* _Task to carry out_: Retype, exactly as written, every line from the one containing "Elettropompe periferiche monogiranti" through the last line of the records below, both included; skip the pictures.

####

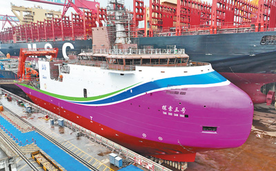 該船建造內容包括船舶系統(tǒng)、載人深潛水面支持系統(tǒng)和綜合科考作業(yè)系統(tǒng),續(xù)航力1.5萬海里、載員80人,可為深遠海地質、環(huán)境和生命科學相關前沿問題研究提供所需的樣品和環(huán)境數據,支持深海核心技術裝備的海上試驗與應用。此次出塢后,將開展設備調試和系統(tǒng)聯(lián)調、船舶海試和科考設備海試等,預計于2025年完工交船、投入海上作業(yè)。
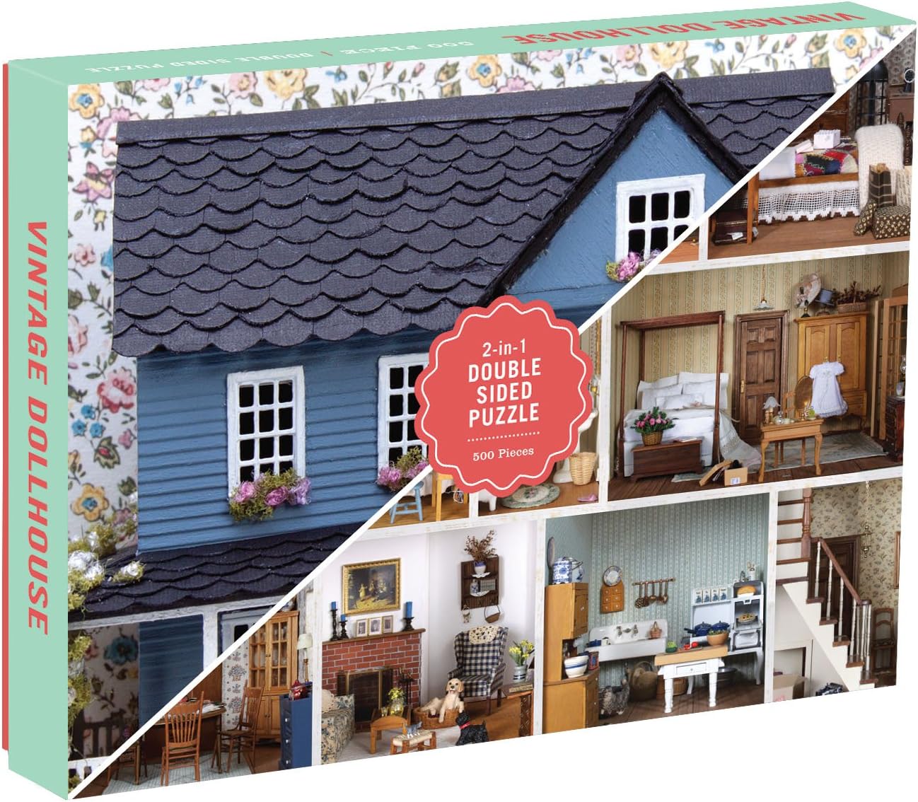 Galison Phat Dog 2-Sided Jigsaw Puzzle vintage dollhouses
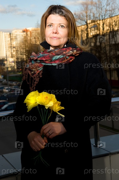 Улыбающаяся женщина на улице в осенней одежде с желтыми цветами
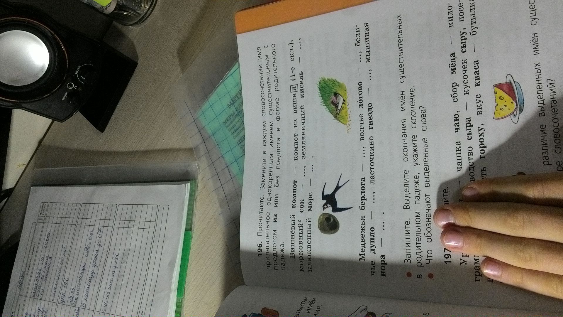 Медвежья берлога - берлога медведя (окончание - я, 2 скл.), волчье логово - логово волка (окончание -а, 2 скл.), беличье дупло - дупло белки (окончание -и, 1 скл.), ласточкино гнездо - гнездо ласточки (окончание -и, 1 скл.), мышиная нора - нора мыши (окончание -и, 3 скл.).
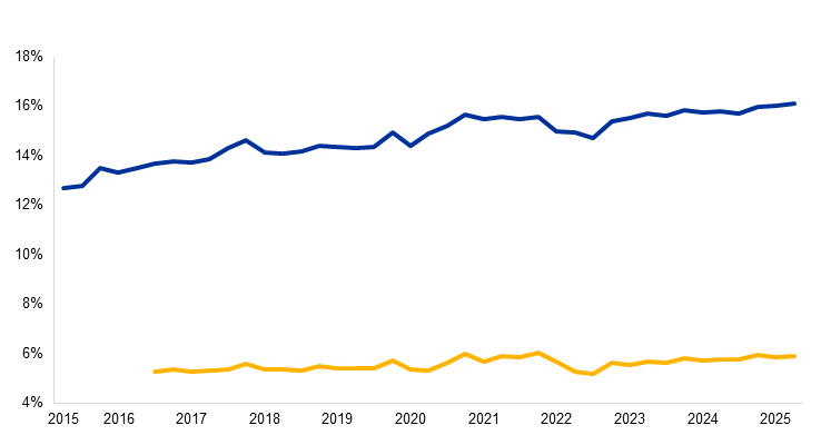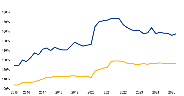 Together, the LCR and NSFR have shifted business models away from excessive reliance on short-term wholesale funding. Today, liquidity positions remain comfortable, with the average LCR standing at around 158% and the NSFR at approximately 127% (Chart 3). Favourable financing conditions are reflected in relatively tight bank bond spreads. However, banks’ growing reliance on market-based funding could pose risks in times of stress.
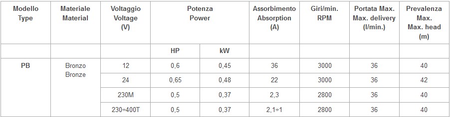Elettropompe periferiche monogiranti in grado di sviluppare pressioni elevate in rapporto a portate limitate. Queste elettropompe trovano largo impiego nel settore nautico dove vengono comunemente usate per il sollevamento di acqua dolce (PB-PCC) o di mare (PB), per il lavaggio di ponti e catene e per la distribuzione di acqua in pressione nei servizi di bordo come: rubinetti, docce, wc, ecc. Tale esercizio diviene automatico con l’utilizzo di piccoli o medi serbatoi autoclave.
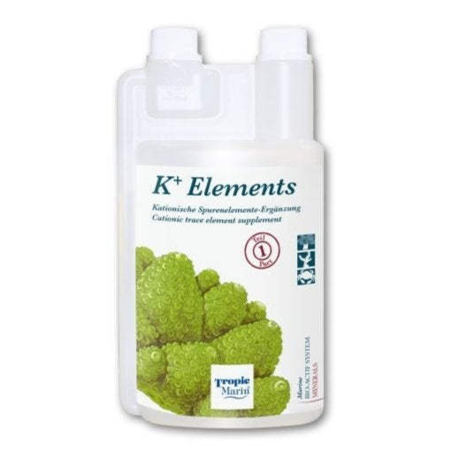 Tropic Marin® K+ ELEMENTS está repleto de oligoelementos catiónicos esenciales para favorecer el crecimiento óptimo y la coloración natural de los corales. Los oligoelementos son minerales naturales requeridos por los habitantes del acuario para los procesos biológicos activos, especialmente por los corales e invertebrados para el crecimiento del esqueleto. Estos elementos están presentes en cantidades minúsculas en el agua de mar y son consumidos rápidamente por el crecimiento de los corales y otros procesos. Por lo tanto, la suplementación regular de estos oligoelementos es esencial.

####

* _Response to the exercise_:
Elettropompe periferiche monogiranti in grado di sviluppare pressioni elevate in rapporto a portate limitate. Queste elettropompe trovano largo impiego nel settore nautico dove vengono comunemente usate per il sollevamento di acqua dolce (PB-PCC) o di mare (PB), per il lavaggio di ponti e catene e per la distribuzione di acqua in pressione nei servizi di bordo come: rubinetti, docce, wc, ecc. Tale esercizio diviene automatico con l’utilizzo di piccoli o medi serbatoi autoclave.
 Tropic Marin® K+ ELEMENTS está repleto de oligoelementos catiónicos esenciales para favorecer el crecimiento óptimo y la coloración natural de los corales. Los oligoelementos son minerales naturales requeridos por los habitantes del acuario para los procesos biológicos activos, especialmente por los corales e invertebrados para el crecimiento del esqueleto. Estos elementos están presentes en cantidades minúsculas en el agua de mar y son consumidos rápidamente por el crecimiento de los corales y otros procesos. Por lo tanto, la suplementación regular de estos oligoelementos es esencial.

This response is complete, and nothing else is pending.